==== RECORDS PROVIDED ====

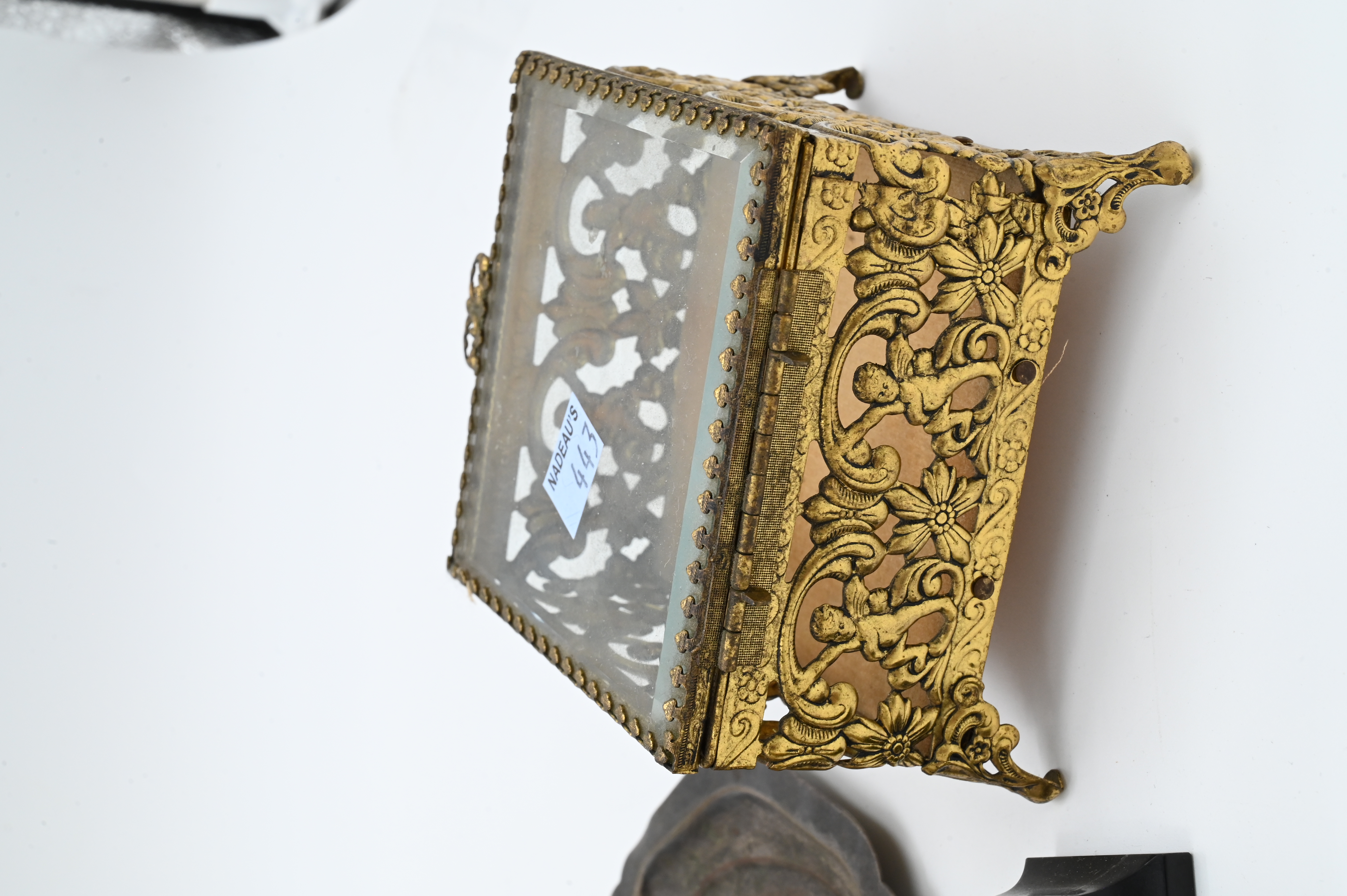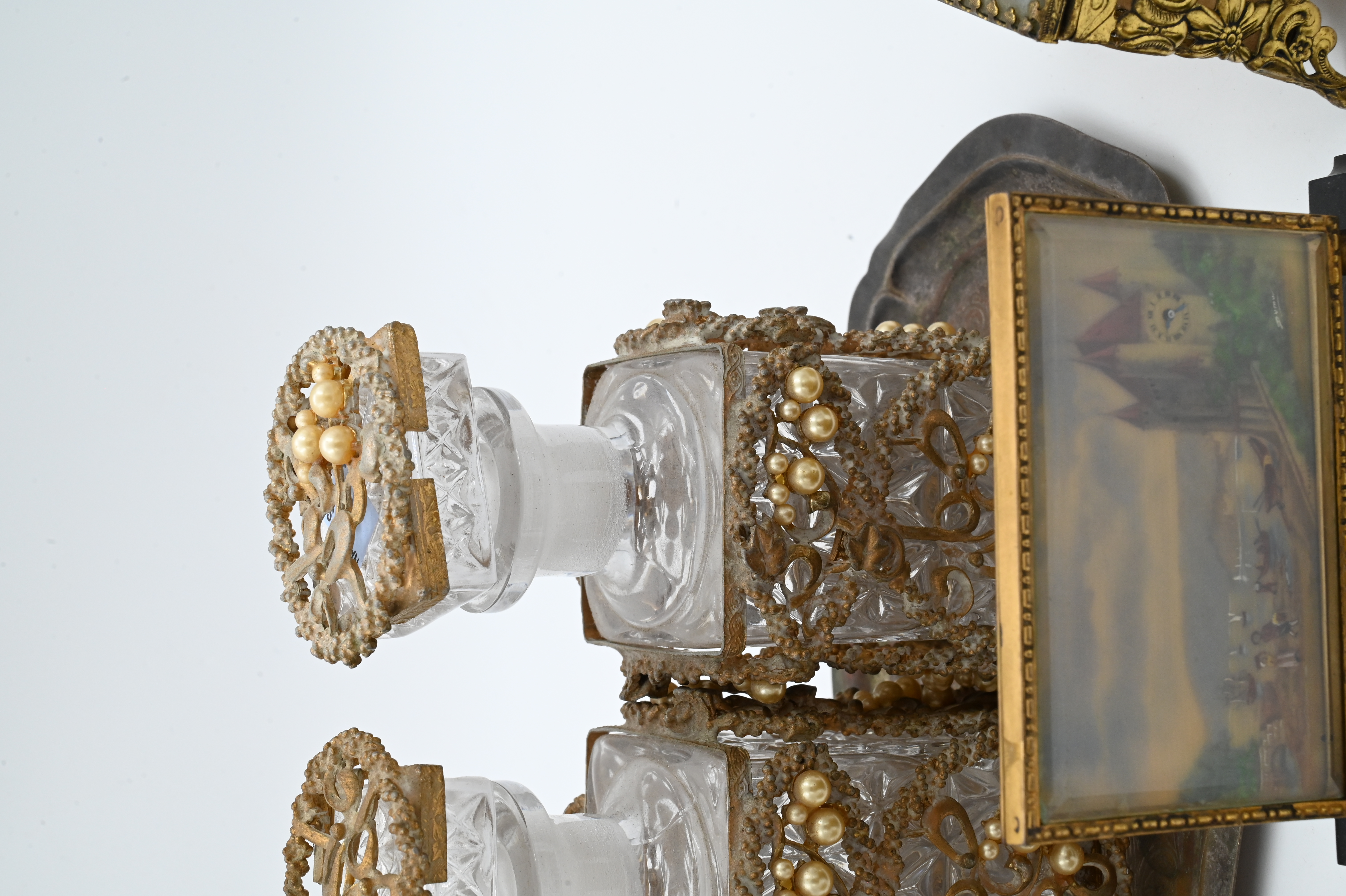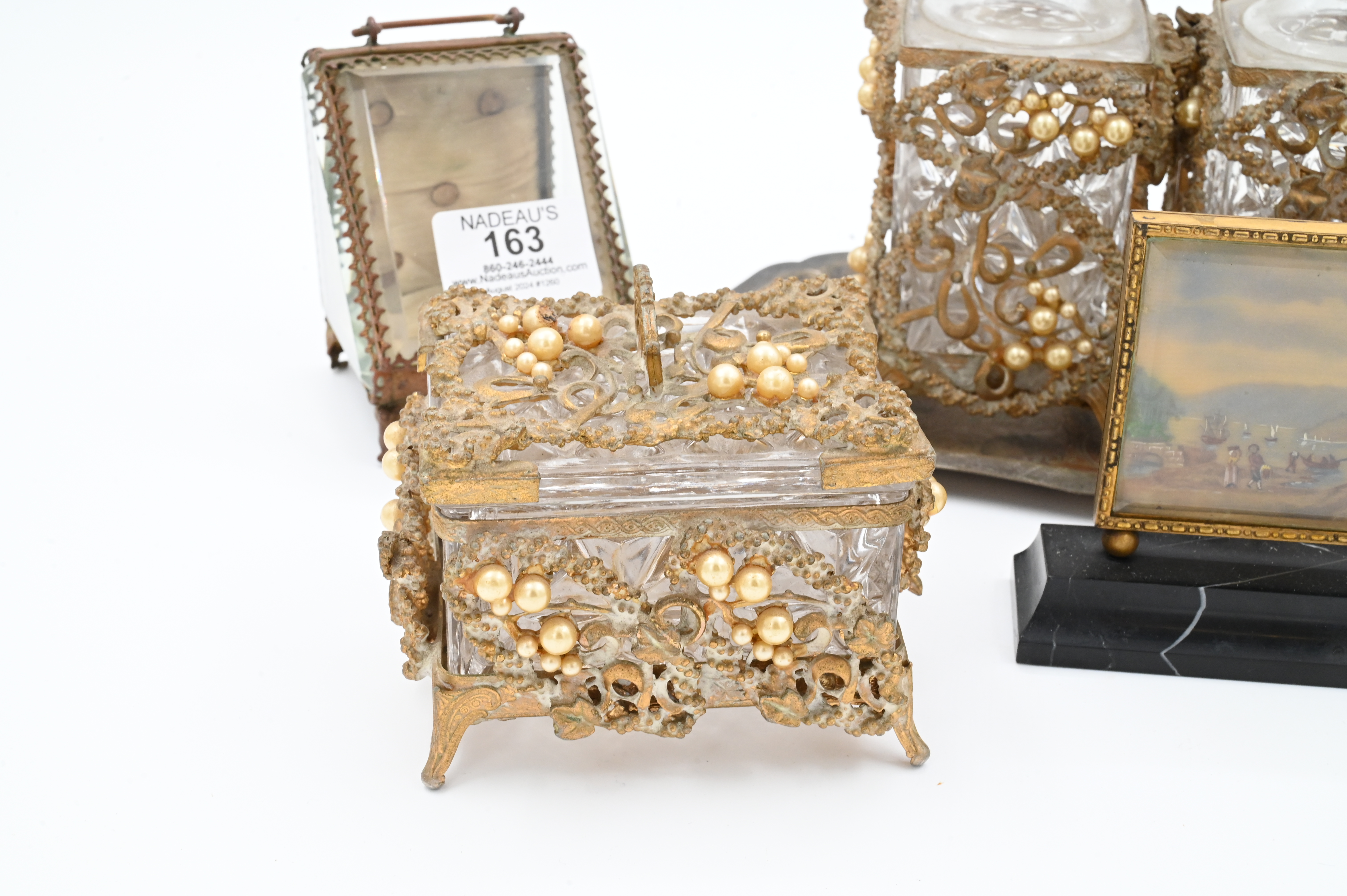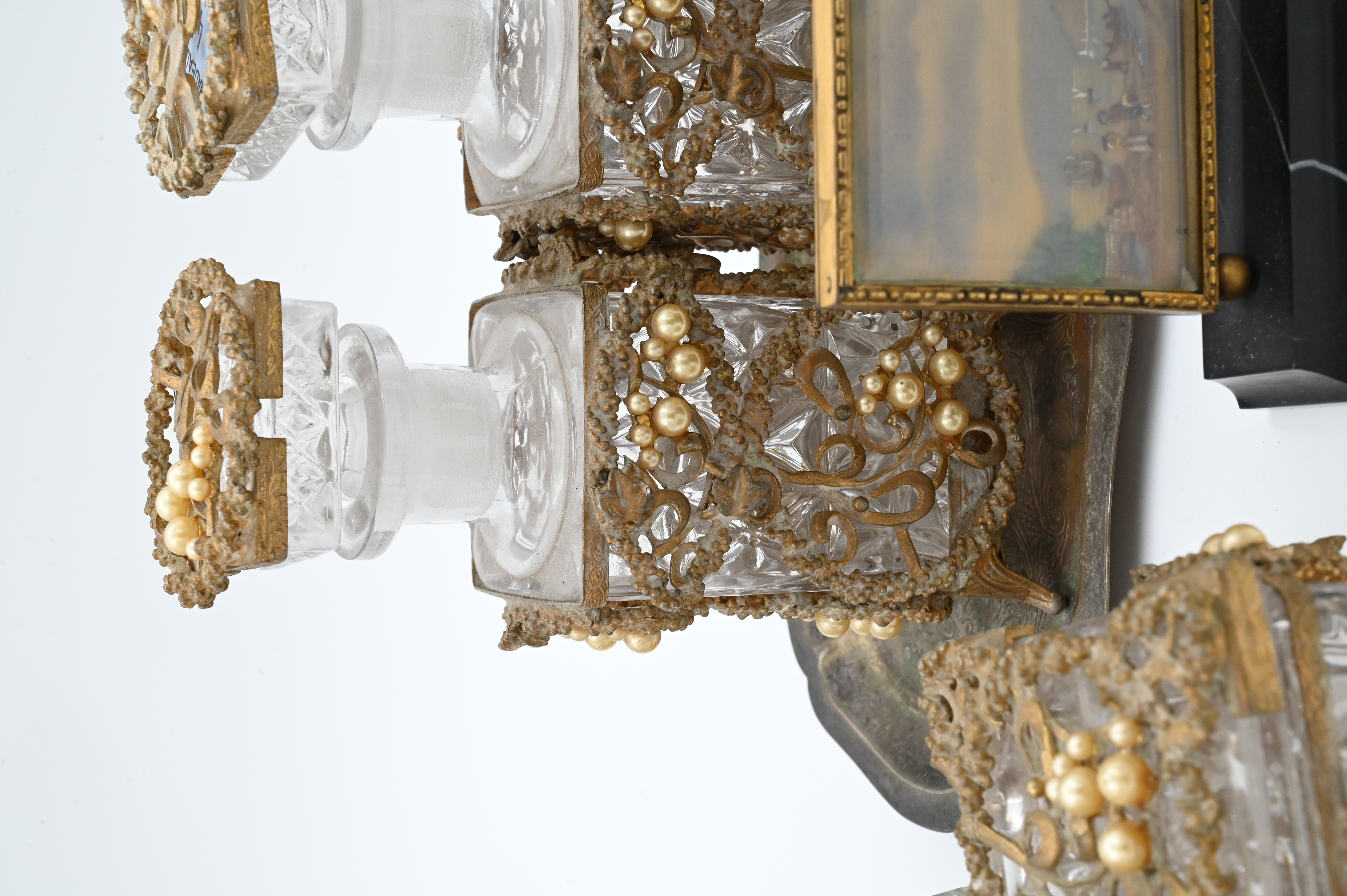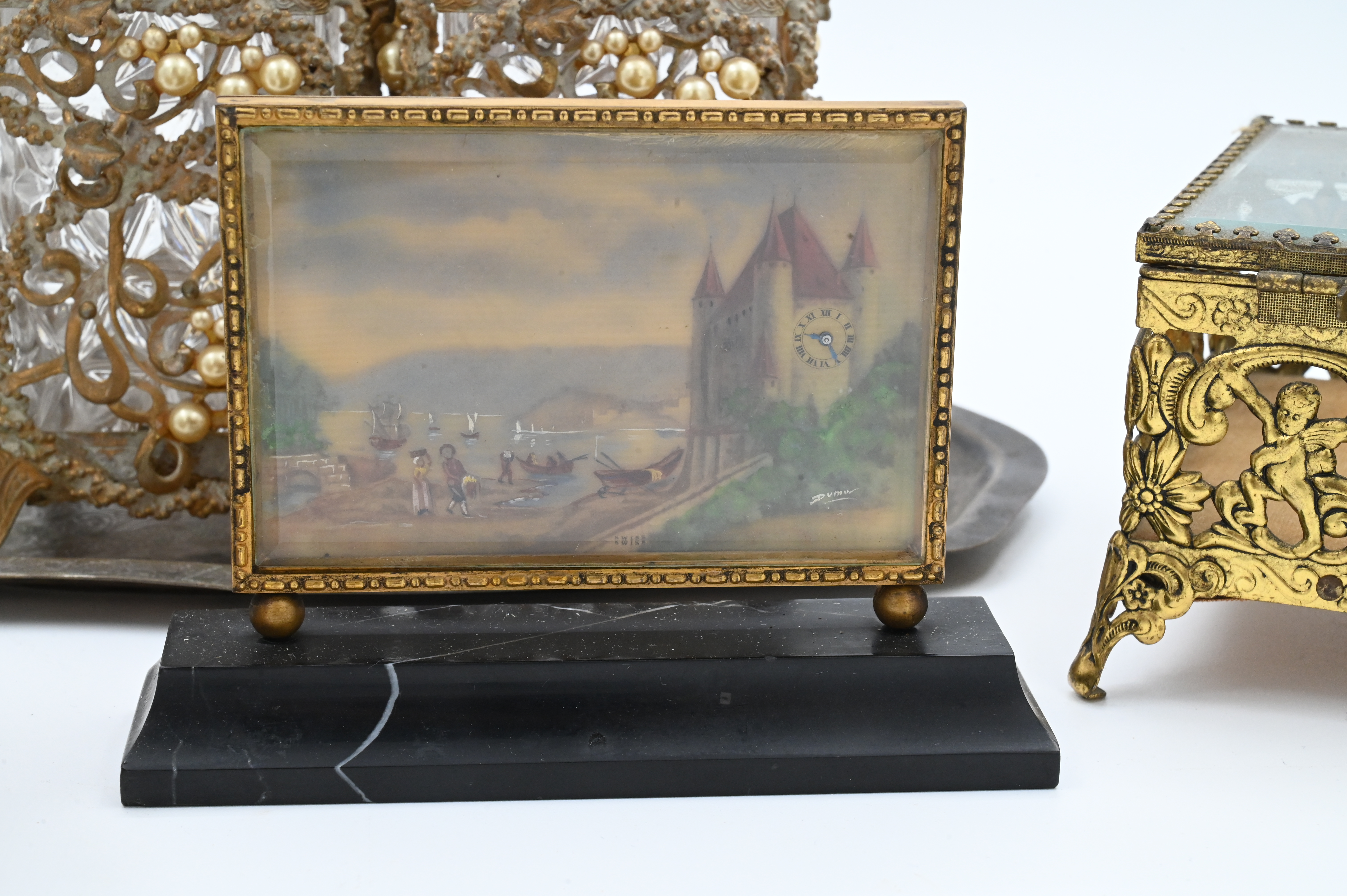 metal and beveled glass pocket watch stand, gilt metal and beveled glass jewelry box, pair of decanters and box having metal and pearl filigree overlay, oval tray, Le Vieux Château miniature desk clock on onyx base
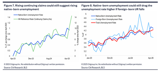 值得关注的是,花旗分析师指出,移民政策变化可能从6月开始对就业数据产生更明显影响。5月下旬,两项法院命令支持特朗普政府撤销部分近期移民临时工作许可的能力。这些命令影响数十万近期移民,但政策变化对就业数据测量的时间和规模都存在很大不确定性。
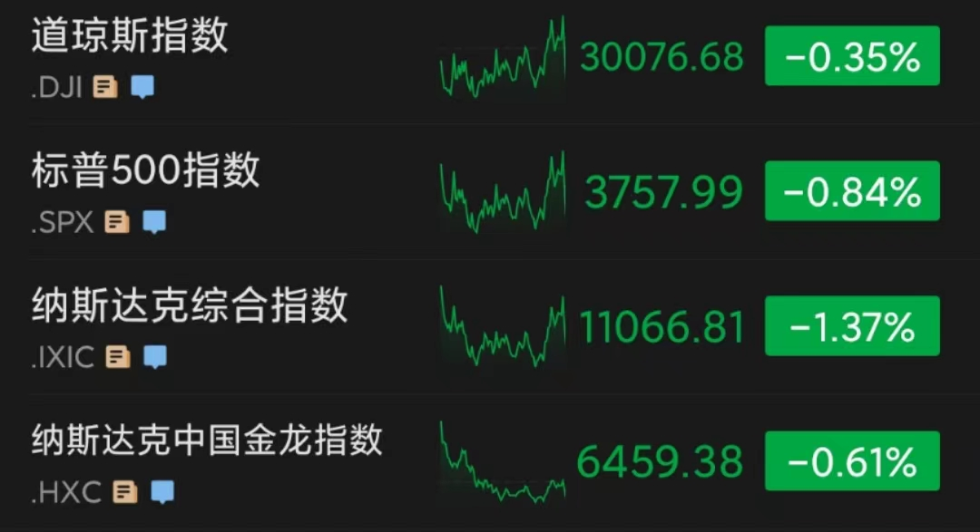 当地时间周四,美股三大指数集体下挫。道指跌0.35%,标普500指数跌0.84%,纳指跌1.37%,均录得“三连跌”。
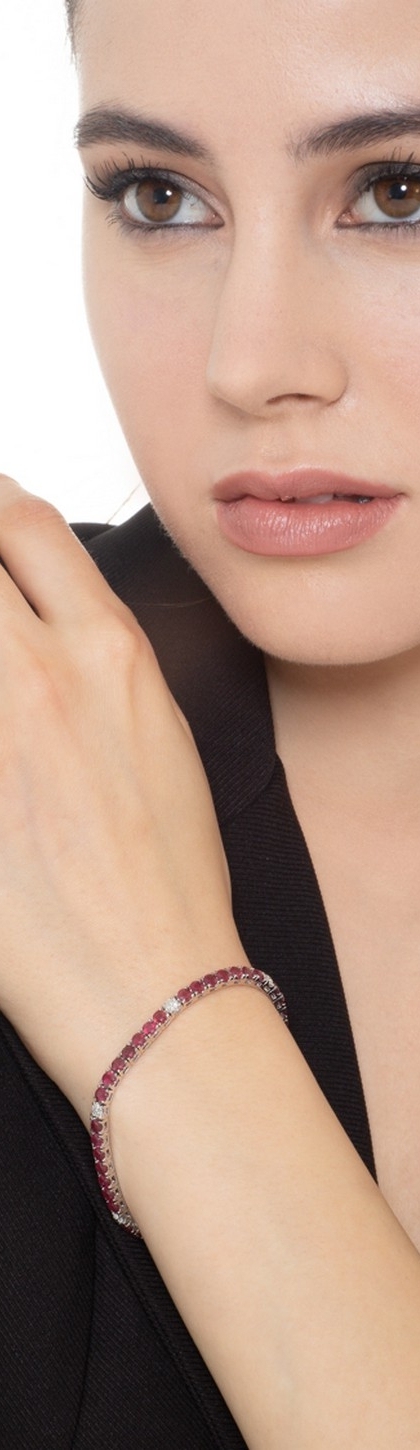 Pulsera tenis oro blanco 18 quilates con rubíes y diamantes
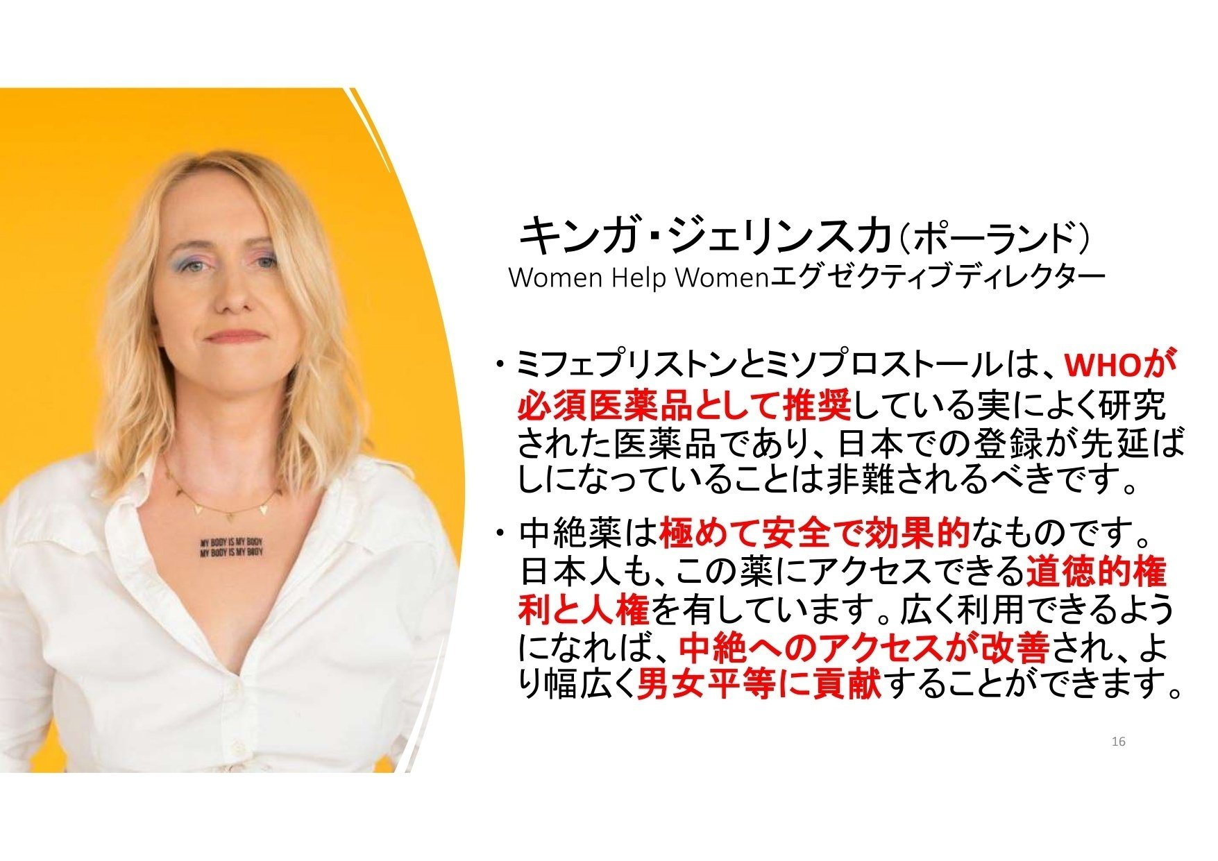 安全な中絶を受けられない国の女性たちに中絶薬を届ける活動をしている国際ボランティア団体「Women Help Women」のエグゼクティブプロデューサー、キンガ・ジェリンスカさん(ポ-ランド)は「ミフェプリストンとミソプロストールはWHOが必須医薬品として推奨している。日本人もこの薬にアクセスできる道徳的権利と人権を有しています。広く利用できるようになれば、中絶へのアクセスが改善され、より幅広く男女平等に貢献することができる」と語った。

====

- BRIEF
Pictures are to be left out; all other data must be returned exactly.

- RESULT
 metal and beveled glass pocket watch stand, gilt metal and beveled glass jewelry box, pair of decanters and box having metal and pearl filigree overlay, oval tray, Le Vieux Château miniature desk clock on onyx base
 值得关注的是,花旗分析师指出,移民政策变化可能从6月开始对就业数据产生更明显影响。5月下旬,两项法院命令支持特朗普政府撤销部分近期移民临时工作许可的能力。这些命令影响数十万近期移民,但政策变化对就业数据测量的时间和规模都存在很大不确定性。
 当地时间周四,美股三大指数集体下挫。道指跌0.35%,标普500指数跌0.84%,纳指跌1.37%,均录得“三连跌”。
 Pulsera tenis oro blanco 18 quilates con rubíes y diamantes
 安全な中絶を受けられない国の女性たちに中絶薬を届ける活動をしている国際ボランティア団体「Women Help Women」のエグゼクティブプロデューサー、キンガ・ジェリンスカさん(ポ-ランド)は「ミフェプリストンとミソプロストールはWHOが必須医薬品として推奨している。日本人もこの薬にアクセスできる道徳的権利と人権を有しています。広く利用できるようになれば、中絶へのアクセスが改善され、より幅広く男女平等に貢献することができる」と語った。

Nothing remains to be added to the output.